JAKARTA (TheInsiderStories) – Moody’s Investors Service says that Indonesia’s (Baa2 stable) broadly sound economic fundamentals and strengthened policy framework are containing credit risks associated with the Rupiah’s recent decline, but additional currency weakness would have economy-wide credit-negative effects, especially given the government and corporate sector’s reliance on external funding.
“In recent years, policymakers have established a track record of credible monetary policy focused on price stability, and implemented hedging rules that reduce companies’ exposure to currency fluctuations. But the rapid decline in Indonesia’s reserves highlights the finite nature of buffers,” says Joy Rankothge, a Moody’s Vice President and Senior Analyst.
“While the rupiah’s decline to date has a limited credit impact, further currency declines could have economy-wide credit-negative effects. Additional depreciation in the rupiah would push up debt and debt-servicing costs, exacerbate external vulnerability, and add to inflationary pressures. Weaker corporate credit profiles and bank
asset quality could also dampen investment and economic growth,” says Rankothge.
The rupiah has depreciated by more than 9% since February, albeit by less than some other currencies. The currency depreciation has inflated Indonesia’s import bill, which is also being pushed up by capital and raw materials imports for government-led infrastructure projects and higher oil prices.
During the first half of 2018, Indonesia’s current account deficit increased to 2.6% of GDP, from 1.4% in January-June 2017.
In addition, foreign reserves have been under pressure due to central bank intervention to support the rupiah, shrinking to $111.7 billion in August 2018 from a recent peak of $125.1 billion in January.
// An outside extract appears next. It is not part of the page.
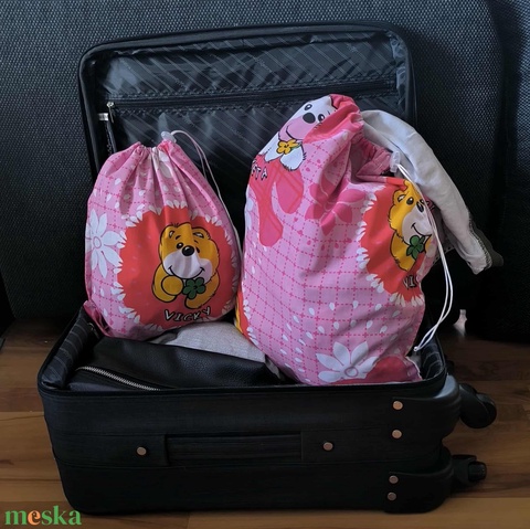 Szennyestartó zsák szett utazáshoz táskába, bőröndbe rózsaszín alapon macis
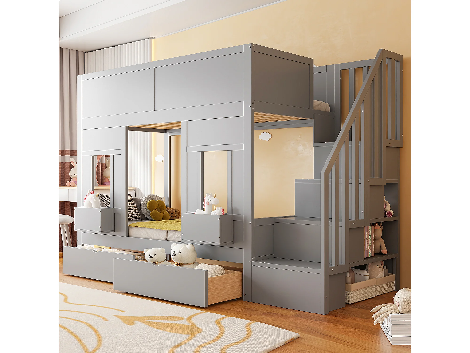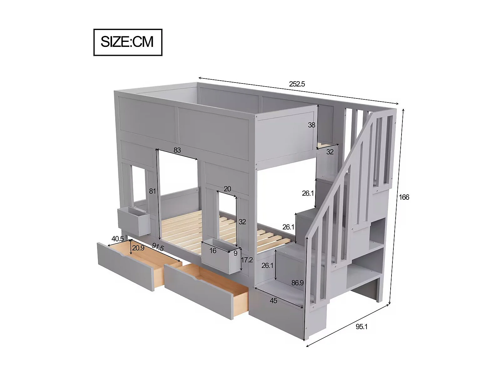 Kinderstapelbed - 2 x 90 x 200 cm - met opbergladder + lades + veiligheidsrail - hout - grijs

While reserves still adequately cover Indonesia’s external payment needs, the drawdown has been rapid. Relatively moderate exposure to foreign currency corporate debt, very strong capital buffers, and
macroprudential rules contain the credit impact of the weaker Rupiah on banks.
But more rate hikes could weigh on corporate debt servicing capacity and bank asset quality. Moody’s notes that four rated companies are vulnerable to further rupiah depreciation, while there would be limited credit-negative effect for others.
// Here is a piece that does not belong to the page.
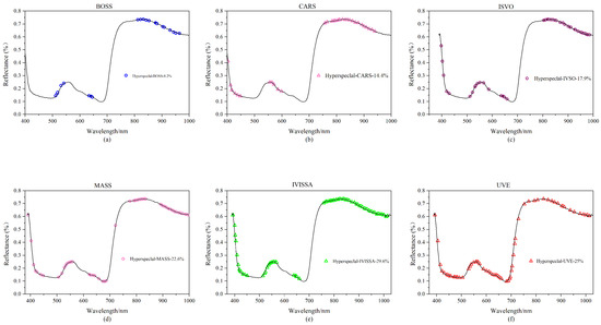 Hyperspectral feature band map created using various feature extraction algorithms: (a) BOSS; (b) CARS; (c) IVSO; (d) MASS; (e) IVISSA; and (f) UVE.

Lippo Karawaci Tbk (P.T.), Alam Sutera Realty Tbk (P.T.), MNC Investama Tbk (P.T.) and Gajah Tunggal Tbk (P.T.) are most vulnerable to rupiah weakness as their debt is largely denominated in dollars, while their cash flow is in rupiah. Most other rated companies have risk mitigants that would limit the credit impact of continued rupiah depreciation.
Additional currency weakness would likely challenge some rated infrastructure companies, although dollar revenues would contain the credit impact for most.
Perusahaan Listrik Negara (P.T.)’s debt is mostly denominated in dollars, whereas its revenue is largely in Rupiah. In case of need, Moody’s expects that Indonesia’s government would support the company.
Elsewhere, Moody’s analysis suggests that power projects will generally be resilient to the decline in the Rupiah, although this will depend on their tariff and cost structures.